Engine Configuration¶

This covers the available configurations for DJL and engines.

DJL settings¶

DJLServing build on top of Deep Java Library (DJL). Here is a list of settings for DJL:

Key	Type	Description
DJL_DEFAULT_ENGINE	env var/system prop	The preferred engine for DJL if there are multiple engines, default: MXNet
ai.djl.default_engine	system prop	The preferred engine for DJL if there are multiple engines, default: MXNet
DJL_CACHE_DIR	env var/system prop	The cache directory for DJL: default: $HOME/.djl.ai/
ENGINE_CACHE_DIR	env var/system prop	The cache directory for engine native libraries: default: $DJL_CACHE_DIR
ai.djl.dataiterator.autoclose	system prop	Automatically close data set iterator, default: true
ai.djl.repository.zoo.location	system prop	global model zoo search locations, not recommended
DJL_OFFLINE	env var	Don't access network for downloading engine's native library and model zoo metadata
ai.djl.offline	system prop	Don't access network for downloading engine's native library and model zoo metadata
collect-memory	system prop	Enable memory metric collection, default: false
disableProgressBar	system prop	Disable progress bar, default: false

PyTorch¶

Key	Type	Description
PYTORCH_LIBRARY_PATH	env var/system prop	User provided custom PyTorch native library
PYTORCH_VERSION	env var/system prop	PyTorch version to load
PYTORCH_EXTRA_LIBRARY_PATH	env var/system prop	Custom pytorch library to load (e.g. torchneuron/torchvision/torchtext)
PYTORCH_PRECXX11	env var/system prop	Load precxx11 libtorch
PYTORCH_FLAVOR	env var/system prop	To force override auto detection (e.g. cpu/cpu-precxx11/cu102/cu116-precxx11)
PYTORCH_JIT_LOG_LEVEL	env var	Enable JIT logging
ai.djl.pytorch.native_helper	system prop	A user provided custom loader class to help locate pytorch native resources
ai.djl.pytorch.num_threads	system prop	Override OMP_NUM_THREAD environment variable
ai.djl.pytorch.num_interop_threads	system prop	Set PyTorch interop threads
ai.djl.pytorch.graph_optimizer	system prop	Enable/Disable JIT execution optimize, default: true.
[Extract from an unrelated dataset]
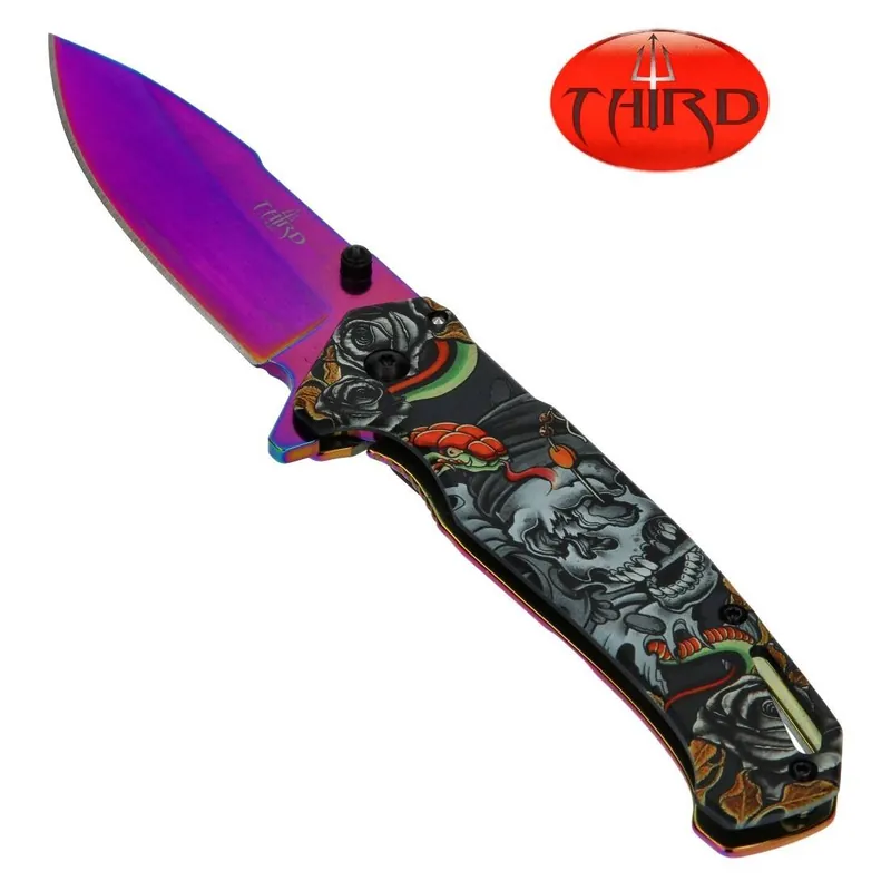 Le couteau pliant Third Squelette, orné d’un attrayant motif arc-en-ciel sur l’acier inoxydable de sa lame, est l’expression suprême du design et de la fonctionnalité.

See: https://github.com/deepjavalibrary/djl/blob/master/docs/development/inference_performance_optimization.md#graph-optimizer
ai.djl.pytorch.cudnn_benchmark	system prop	To speed up ConvNN related model loading, default: false
ai.djl.pytorch.use_mkldnn	system prop	Enable MKLDNN, default: false, not recommended, use with your own risk

TensorFlow¶

Key	Type	Description
TENSORFLOW_LIBRARY_PATH	env var/system prop	User provided custom TensorFlow native library
TENSORRT_EXTRA_LIBRARY_PATH	env var/system prop	Extra TensorFlow custom operators library to load
TF_CPP_MIN_LOG_LEVEL	env var	TensorFlow log level
ai.djl.tensorflow.debug	env var	Enable devicePlacement logging, default: false

MXNet¶

Key	Type	Description
MXNET_LIBRARY_PATH	env var/system prop	User provided custom MXNet native library
MXNET_VERSION	env var/system prop	The version of custom MXNet build
MXNET_EXTRA_LIBRARY_PATH	env var/system prop	Load extra MXNet custom libraries, e.g. Elastice Inference
MXNET_EXTRA_LIBRARY_VERBOSE	env var/system prop	Set verbosity for MXNet custom library
ai.djl.mxnet.static_alloc	system prop	CachedOp options, default: true
ai.djl.mxnet.static_shape	system prop	CachedOp options, default: true
ai.djl.use_local_parameter_server	system prop	Use java parameter server instead of MXNet native implemention, default: false

Huggingface tokenizers¶

Key	Type	Description
TOKENIZERS_CACHE	env var	User provided custom Huggingface tokenizer native library

Python¶

Key	Type	Description
PYTHON_EXECUTABLE	env var	The location is python executable, default: python
DJL_ENTRY_POINT	env var	The entrypoint python file or module, default: model.py
MODEL_LOADING_TIMEOUT	env var	Python worker load model timeout: default: 240 seconds
PREDICT_TIMEOUT	env var	Python predict call timeout, default: 120 seconds
MAX_NETTY_BUFFER_SIZE	env var/system prop	Max response size in bytes, default 20 * 1024 * 1024 (20M)
DJL_VENV_DIR	env var/system prop	The venv directory, default: $DJL_CACHE_DIR/venv
ai.djl.python.disable_alternative	system prop	Disable alternative engine
TENSOR_PARALLEL_DEGREE	env var	Set tensor parallel degree. For mpi mode, the default is number of accelerators. Use "max" for non-mpi mode to use all GPUs for tensor parallel.

Engine specific settings¶

DJL support 12 deep learning frameworks, each framework has their own settings. Please refer to each framework’s document for detail.

A common setting for most of the engines is OMP_NUM_THREADS, for the best throughput, DJLServing set this to 1 by default. For some engines (e.g. MXNet, this value must be one). Since this is a global environment variable, setting this value will impact all other engines.

The follow table show some engine specific environment variables that is override by default by DJLServing:

Key	Engine	Description
TF_NUM_INTEROP_THREADS	TensorFlow	default 1, OMP_NUM_THREADS will override this value
TF_NUM_INTRAOP_THREADS	TensorFlow	default 1
TF_CPP_MIN_LOG_LEVEL	TensorFlow	default 1
MXNET_ENGINE_TYPE	MXNet	this value must be `NaiveEngine`